The virus fighters in our oceans BORIMAT PRAOKAEW

With viruses under the spotlight at present, we wanted to shine a light on some of the world’s greatest defenders. When you think of defenders against viruses you immediately think of the heroic work that frontline workers are doing during the coronavirus pandemic. However, that is not who we are referring to. Viruses can be created in a variety of different ways and complex ecosystems are often the breeding ground for diseases. HIV, ebola, and yellow fever were all created in the rainforest ecosystem. The rainforest is a breeding ground for viruses. Yet it takes second place to the ocean, the greatest breeding place of viruses in the known world. Who are the defenders?

Scientists estimate that the rainforest is home to several thousand viruses many of which would prove fatal to humans and while that sounds pretty scary it is nothing compared to the world’s oceans. Scientists have found over 200,000 viruses lurking in the waters but believe the numbers could reach the millions. Think about that the next time you accidentally swallow some seawater.

Yet the headline viruses that I have already mentioned have all come from the rainforests. What is stopping these countless ocean viruses from reaching us? The first thing to acknowledge is that many of those viruses pose absolutely no threat to us, so we likely swallow some strange bacteria every time we accidentally swallow seawater but that is ok. There are many that do pose a threat to us too.

Research recently published suggests that sea creatures are playing a vital role in stopping these viruses and ensuring that the ocean is a healthy ecosystem. Sea creatures use a wide variety of ways to stop viruses and when viruses are stopped they can’t spread. Oysters and other creatures use shells to block viruses. Other sea creatures are more sophisticated and use filters.

These filters are microscopic and are able to keep nourishing items but get rid of bacteria. The frontline workers are the heroes that need to be highlighted in the fight against viruses but in the seas, the equivalent of the frontline workers are the anemones, polychaete larvae, sea squirts, crabs, cockles and sponges. These strange creatures fight the viruses head-on.

Researchers wanted to better understand just how good these creatures are at fighting viruses and found they were incredible. If viruses were in the water, the sponge is who you would want on your side, this creature removes 94% of the virus within three hours. Crabs are excellent allies too as they can remove 90% of the virus. Cockles and oysters use far more blunt measures and so only reduce 43% and 12% respectively but are still good workers. 

This is incredible news but the changing planet is putting these powers at risk.
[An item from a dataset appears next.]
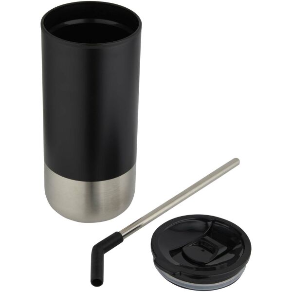 Featuring a double-walled insulated design, this tumbler comes with a recycled stainless steel straw topped with a silicone tip for comfortable use. The inner wall is made from PP plastic, while the outer wall is crafted from RCS-certified recycled stainless steel. A sliding lid made from PS and ABS plastic, combined with a matte coating, gives the tumbler a sleek finish. Volume capacity: 480 ml.

The key issue is climate change. Climate change is altering the natural ecosystems in oceans around the world and creatures are not coping well. Melting sea ice is introducing new viruses to the water. As the sea ice melts the phocine distemper virus is introduced. This has been greatly damaging the arctic seal population. 

The study has highlighted how important a diverse sea ecosystem is to our own lives. If this rich ecosystem didn’t exist the viruses would thrive in the water and soon migrate to land. If that happened further pandemics could happen. If we want to fight against future pandemics we must protect ocean life. The key to doing this is to look after our oceans and to fight climate change. The time has come to put a stop to the dangerous activities that are harming our ecosystems and hurting our world.